- Education: University of California, Berkeley
- Occupations: Academic, think tanker
- Known for: Director of the Center for Middle East Public Policy at the RAND Corporation

= Dalia Dassa Kaye =

American political scientist

Dalia Dassa Kaye is an American academic. She was the Director of the Center for Middle East Public Policy at the RAND Corporation in Santa Monica, California.

==Early life==
Dalia Dassa Kaye received a PhD in political science from the University of California, Berkeley.

==Career==
Kaye was an assistant professor of Political Science and International Affairs at the George Washington University from 1998 to 2003. She was a visiting professor at the University of Amsterdam and was a visiting scholar at the Netherlands Institute of International Relations. She was an International Affairs Fellow at the Dutch Foreign Ministry on behalf of the Council on Foreign Relations. She was also a Foreign Policy Studies Fellow at the Brookings Institution. She was a visiting professor at the Ronald W. Burkle Center for International Relations and the International Institute at the University of California, Los Angeles (UCLA).

Kaye also served as the Director of the Center for Middle East Public Policy at the RAND Corporation.

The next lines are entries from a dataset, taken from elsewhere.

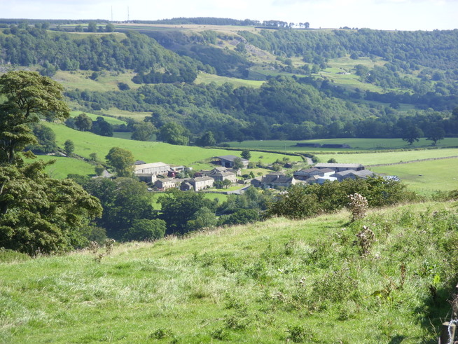 As the morning grew warmer we applied hats and sun cream and soon approached Marrick Priory passing a very muscular bull in a field that was thankfully separated from us by a nice strong fence. Unfortunately the priory was only partially visible because it was surrounded by buildings that formed an outdoor activities centre. We pressed on and I missed a turning on the left that would have taken us through Steps Wood and up the Nun’s Causeway to Marrick hamlet. It was my turn to navigate that day and I’d already made an error. Because of it we ended up traipsing through a very muddy farmyard while being barked at by a large black Labrador. Darryl had a suspicion that we had gone wrong, probably because I kept slowing down and looking at the guidebook, and when I admitted we had indeed missed the turn, he was understandably annoyed. It wasn’t a big deal however, and we found our way up the hill to our left to rejoin the path, the dog still barking (or laughing) at us as we went.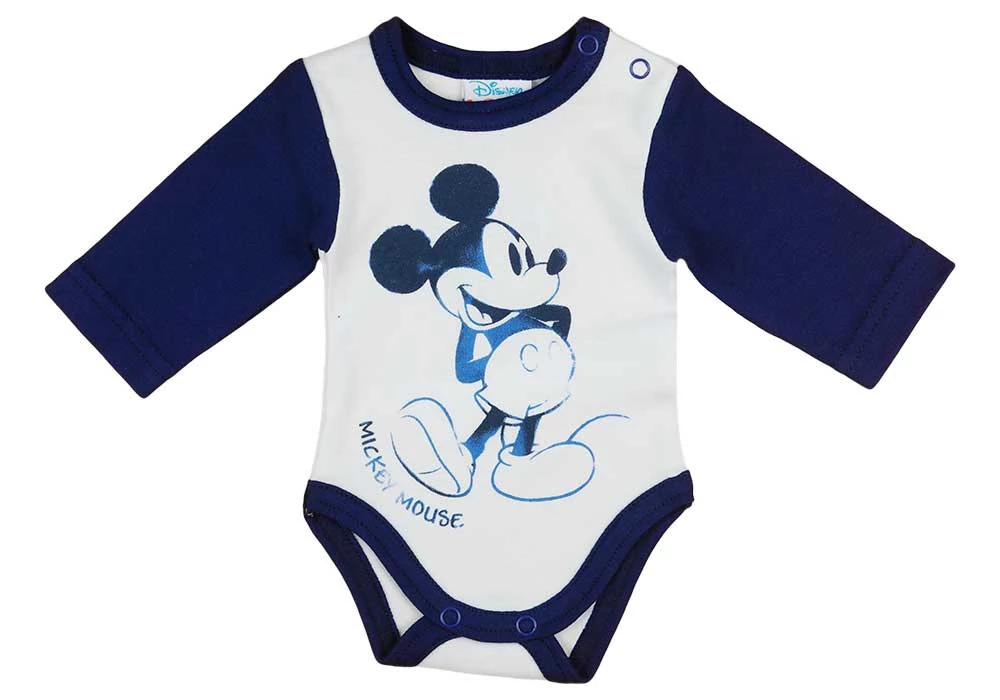 Hosszú ujjú, szürke baba body, amelyen a kedvenc Disney karakterünk, Mickey egér vidám mintája díszeleg. A vállán található patentos kialakítás megkönnyíti a fel- és levételt, így a baba öltöztetése könnyedén, stresszmentesen zajlik. Az eredeti Disney termék garantáltan mosásálló, a minta nem kopik, így hosszú távon is élvezhető a karakter vidám kisugárzása. A minőségi magyar termék anyaga 100% pamut, amely lágyan simul a baba bőrére, nem okoz irritációt, még a legérzékenyebb bőrű babáknál sem. Az I. osztályú minőség gondoskodik arról, hogy a body hosszú ideig megőrizze formáját és színét. A termékben található patent nikkelmentes, így az erre érzékeny babák számára is biztonságos választás.
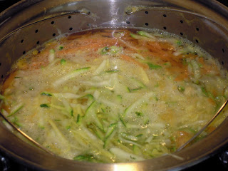 Optional: I used the strainer that goes in the pasta pot to blanch the veggies. You can leave them raw if you like, but I wanted them to kind of melt in with the sauce. I put the strainer in the pasta water pot with the veggies for about 2 minutes then took it out and ran them under cold water to stop the cooking and chill.
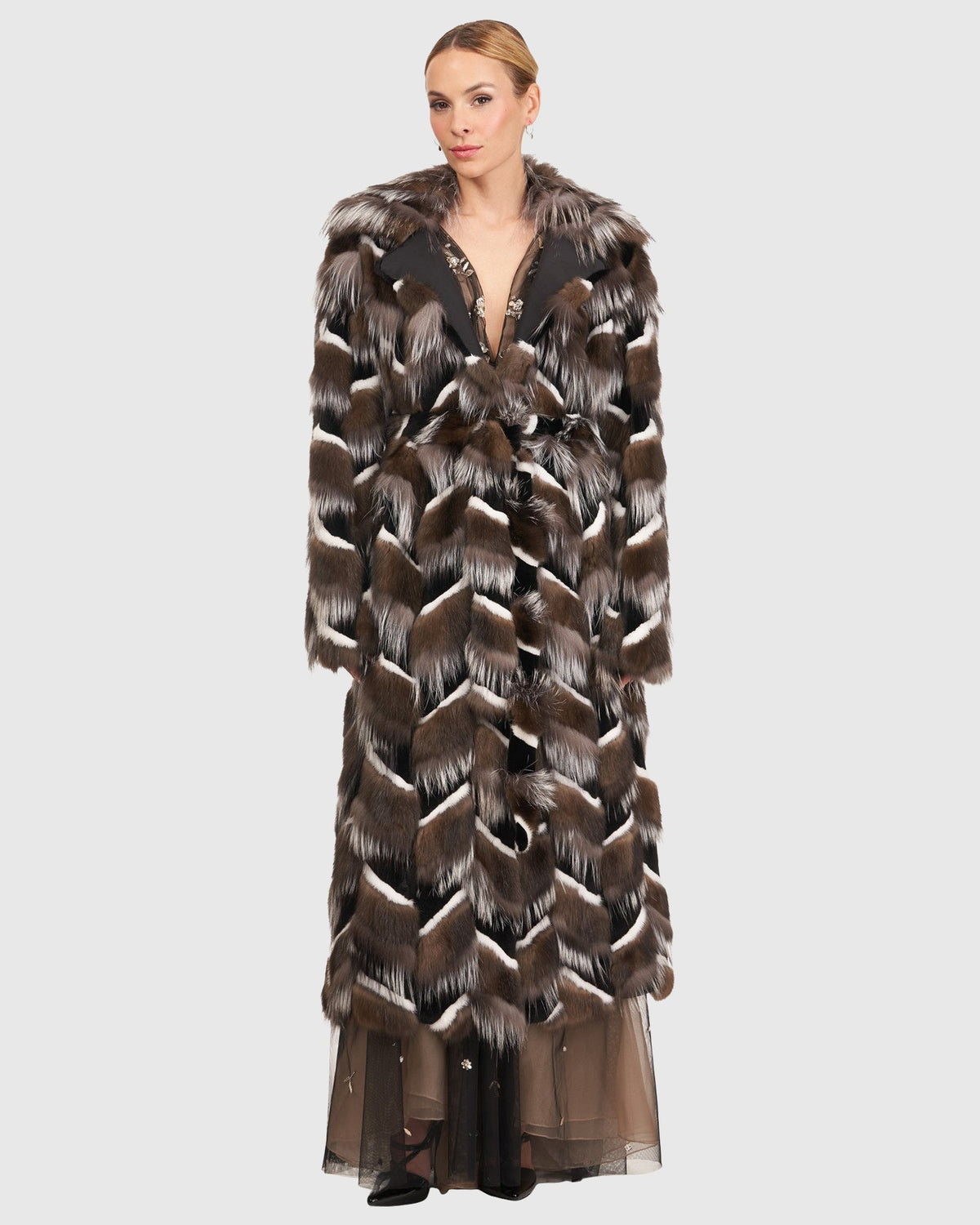 Sable, Mink and Fox Intarsia Coat with Belt Gorski First Copy - Barguzine/Black/White/Silver / XS

She has published two books, monographs, and articles in Foreign Affairs. Her first book, Beyond the Handshake: Multilateral Cooperation in the Arab-Israeli Peace Process, talked about the way the Madrid Conference of 1991 was instrumental for the Israeli–Palestinian peace process.

===Views on Iran===
In 2011, she suggested it would be a bad idea to bomb Iran in retaliation for their attempted assassination of the Saudi ambassador to the United States on U.S. soil in Washington, D.C. In 2012, she opined it would be an equally bad idea for Israel to bomb Iran's nuclear facilities. In 2014, she renewed her support for a nuclear deal with Iran. Later that year, she professed, "the Israelis probably have less to worry about regarding a nuclear deal with Iran than they might think." A year later, in 2015, she wrote a piece about the possibility of failure of such a deal urging caution.

==Bibliography==
- Beyond the Handshake: Multilateral Cooperation in the Arab-Israeli Peace Process (New York City: Columbia University Press, 2001).
- Talking to the Enemy: Track Two Diplomacy in the Middle East and South Asia (Santa Monica, California: RAND Corporation, 2007).